I am not a doctor, or even a college graduate, for that matter. That said, Tuckerfan, I’d call the doctor and notify him if I were in your condition and not experiencing significant relief of my symptoms by Monday. This assumes I was following the dosage regimen assiduously beginning on Friday. And if I was experiencing significant relief by Monday, I’d continue the course of antibiotics until I they were all gone, of course.

<hijack>

Where the hell does that NIAGRA FALLS, slowly I turn…etc, come from? I’ve heard it several times and always wanted to know.

</hijack>

On topic, I’ve had to try to draw blood on a patient who was so obstructed he couldn’t pee. He was in agony. Most people in pain can kind of keep still; this guy couldn’t. My grandfather had a similar problem after surgery for bladder cancer, but luckily he got to the ER before it got bad.

Tuckerfan, if it gets worse, please get to the ER.

Well, it seems to be getting a bit better. I’m peeing more than I have been, but still not enough to completely void the bladder. If the volume of urine I’m able to expel at one time keeps increasing then by the time the antibiotics run out I’ll be fine. (Of course, I want to know what the hell caused this.) And if I can’t pee at all, I’ll go to the ER, I’ve seen that Simpsons episode where Homer didn’t allow Grandpa to pee and his kidneys exploded and I’ve no desire to have that happen to me. :wink:

Oh, and you’d love drawing blood from me, MM. My veins are like firehoses when they “pop.” (I’ve even had a nurse tell me they were “sexy” because of that.) I bet I could thrash around all I wanted to and you’d still be able to hit one with little trouble.

You have not answered the Niagra Falls question!

I’ve never described someone as having “sexy” veins. I try to avoid that in my line of work.

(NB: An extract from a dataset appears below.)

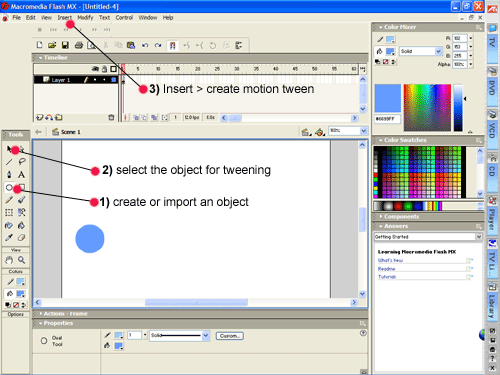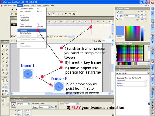 Open Flash Create or import an object in a layer that you want to to the stage Use the select tool to select the object (this must be done or the tween won't work!!!) Insert> create motion tween |

But seriously, if it starts to get worse again, get authorization for an ER visit for a bladder cath. Yeah, it’ll be worse than the prostate exam, but you’ll be able to empty your bladder.

(My grandpa actually took a catheter home for a while for that problem.)

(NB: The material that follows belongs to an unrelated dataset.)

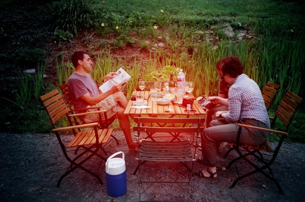 Sometimes the risks pay off in inadvertent ways, though. Last night, while consuming that aforementioned pot of rice, I looked through a bunch of older photos I had taken last summer during a weekend trip up to my friend Bernard’s country house in Walton, NY, and discovered a couple rolls of film I had originally cast aside since they’d turned up with strange light leaks. Looking at them now, I sort of like the way the photos feel — almost as if we’d been followed by a ghostly presence, making itself known in the oddest of moments (HEEEEY R!) and casting a slightly eerier mood to an otherwise pretty carefree, relaxing weekend upstate.

And edited to add - this is probably another thread that’s been done to death too:

Men complain about the prostate exam, and how uncomfortable it is. Why are so many men also into anal? They’ve got to know it’s unpleasant…would any of those people be willing to receive, as well as give?

As a former phlebotomist I can tell you that there are veins, and then there are veins.

whistles at the girl with sexy veins walking down the street

Tuckerfan, I recently had each and every one of your symptoms; my doctor prescribed Finasteride. Within a couple of days I had some relief; within a month, most of the problems were pretty much gone. Even so, I will be seeing a urologist in about a week, just to be on the safe side.

I don’t feel your pain at the moment, but I certainly did not that long ago. Good luck, and get to a urologist ASAP.